When I start coding this app, I called both methods without using threads, but the app started freezing, so I decided to go with threads.
metA and metB are called by touch events, so they can occur any time in any order. They don't depend on each other.
My problem is the time it takes to either threads start running. There's a lag between the time the thread is created with
[NSThread detachNewThreadSelector:#selector(.... bla bla
and the time the thread starts running.
I suppose this time is related to the amount of time required by iOS to create the thread itself. How can I speed this? If I pre create both threads, how do I make them just do their stuff when needed and never terminate? I mean, a kind of sleeping thread that is always alive and works when asked and sleeps after that?
thanks.
If you want to avoid the expensive startup time of creating new threads, create both threads at startup as you suggested. To have them only run when needed, you can have them wait on a condition variable. Since you're using the NSThread class for threading, I'd recommend using the NSCondition class for condition variables (an alternative would be to use the POSIX threading (pthread) condition variables, pthread_cond_t).
One thing you'll have to be careful of is if you get another touch event while the thread is still running. In that case, I'd recommend using a queue to keep track of work items, and then the touch event handler can just add the work item to the queue, and the worker thread can process them as long as the queue is not empty.
Here's one way to do this:
typedef struct WorkItem
{
// information about the work item
...
struct WorkItem *next; // linked list of work items
} WorkItem;
WorkItem *workQueue = NULL; // head of linked list of work items
WorkItem *workQueueTail = NULL; // tail of linked list of work items
NSCondition *workCondition = NULL; // condition variable for the queue
...
-(id) init
{
if((self = [super init]))
{
// Make sure this gets initialized before the worker thread starts
// running
workCondition = [[NSCondition alloc] init];
// Start the worker thread
[NSThread detachNewThreadSelector:#selector(threadProc:)
toTarget:self withObject:nil];
}
return self;
}
// Suppose this function gets called whenever we receive an appropriate touch
// event
-(void) onTouch
{
// Construct a new work item. Note that this must be allocated on the
// heap (*not* the stack) so that it doesn't get destroyed before the
// worker thread has a chance to work on it.

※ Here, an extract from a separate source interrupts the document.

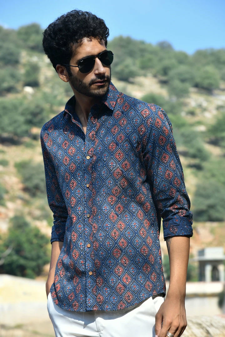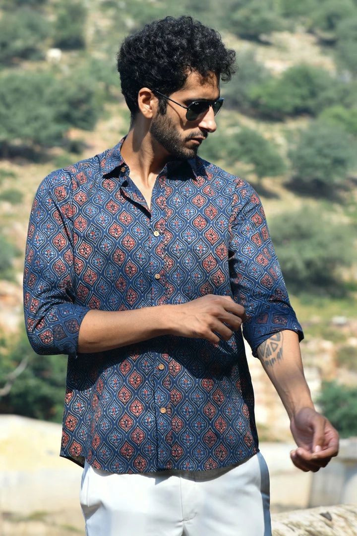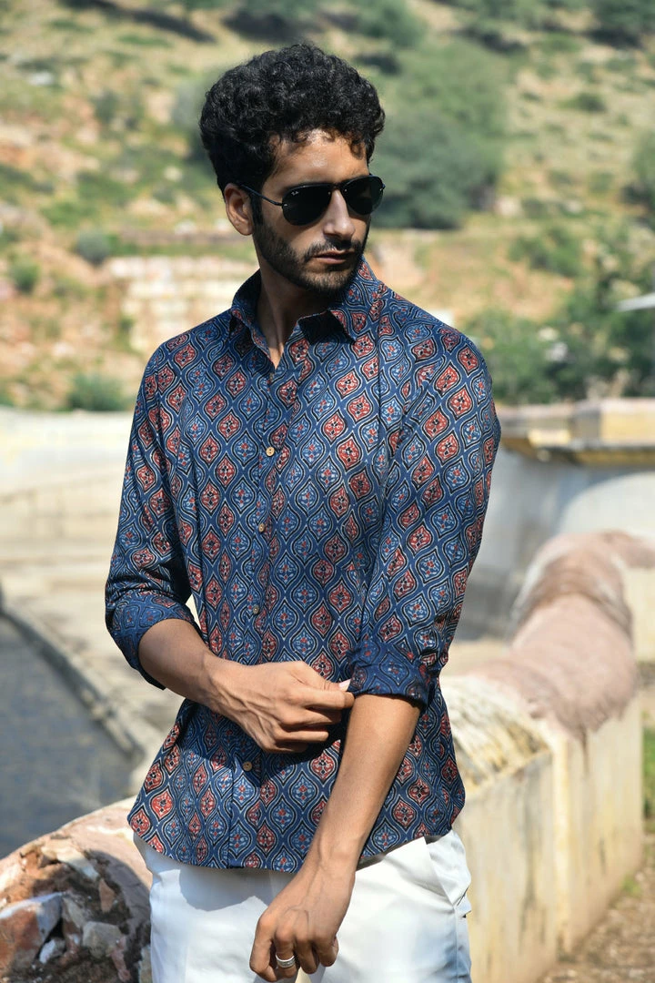 Look handsome and stay comfortable in this full-sleeved shirt featured with regular spread collar. Fashioned from cotton Ajrakhh fabric, this shirt comes with intricate prints all over.

WorkItem *workItem = (WorkItem *)malloc(sizeof(WorkItem));
// fill out the relevant info about the work that needs to get done here
...
workItem->next = NULL;
// Lock the mutex & add the work item to the tail of the queue (we
// maintain that the following invariant is always true:
// (workQueueTail == NULL || workQueueTail->next == NULL)
[workCondition lock];
if(workQueueTail != NULL)
workQueueTail->next = workItem;
else
workQueue = workItem;
workQueueTail = workItem;
[workCondition unlock];
// Finally, signal the condition variable to wake up the worker thread
[workCondition signal];
}
-(void) threadProc:(id)arg
{
// Loop & wait for work to arrive. Note that the condition variable must
// be locked before it can be waited on. You may also want to add
// another variable that gets checked every iteration so this thread can
// exit gracefully if need be.
while(1)
{
[workCondition lock];
while(workQueue == NULL)
{
[workCondition wait];
// The work queue should have something in it, but there are rare
// edge cases that can cause spurious signals. So double-check
// that it's not empty.
}
// Dequeue the work item & unlock the mutex so we don't block the
// main thread more than we have to
WorkItem *workItem = workQueue;
workQueue = workQueue->next;
if(workQueue == NULL)
workQueueTail = NULL;
[workCondition unlock];
// Process the work item here
...
free(workItem); // don't leak memory
}
}
If you can target iOS4 and higher, consider using blocks with Grand Central Dispatch asynch queue, which operates on background threads which the queue manages... or for backwards compatibility, as mentioned use NSOperations inside an NSOperation queue to have bits of work performed for you in the background. You can specify exactly how many background threads you want to support with an NSOperationQueue if both operations have to run at the same time.